▶ _WHAT YOU NEED TO DO_
Restate each line below word for word, skipping every picture.

DATA BELOW Start Marker

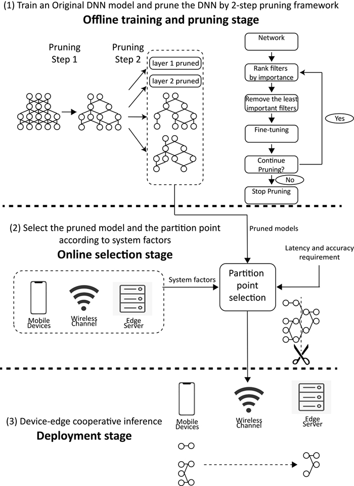 The recommended framework contains three stages: offline training and pruning stage, online selection stage and deployment stage. In the 1st stage, two pruning steps are carried out, where pruning takes place in each entire layer in the whole network and restricts the action ranges for each layer. In the 2nd stage, a partition point is selected according to the restriction of latency-accuracy constraint. In the 3rd stage the computation is divided for mobile devices and edge servers.
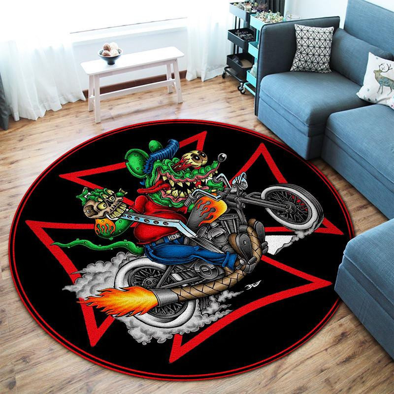 Rat Fink Motocycle Living Room Round Rug Carpet Bedroom Livingroom Home Decor
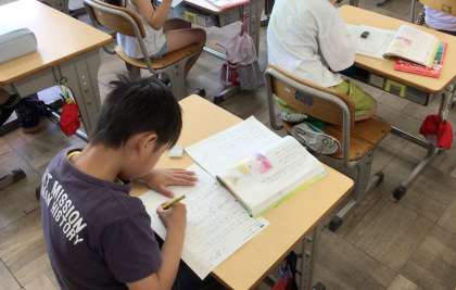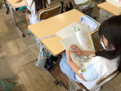2年生の国語です。教科書のお話を場面ごとに分け、出てきた人物やできごとをまとめる学習をしています。読み取って書くことで、読解力が養われます。

DATA BELOW End Marker

▶ _RESULT OF THE EXERCISE_
 The recommended framework contains three stages: offline training and pruning stage, online selection stage and deployment stage. In the 1st stage, two pruning steps are carried out, where pruning takes place in each entire layer in the whole network and restricts the action ranges for each layer. In the 2nd stage, a partition point is selected according to the restriction of latency-accuracy constraint. In the 3rd stage the computation is divided for mobile devices and edge servers.
 Rat Fink Motocycle Living Room Round Rug Carpet Bedroom Livingroom Home Decor
2年生の国語です。教科書のお話を場面ごとに分け、出てきた人物やできごとをまとめる学習をしています。読み取って書くことで、読解力が養われます。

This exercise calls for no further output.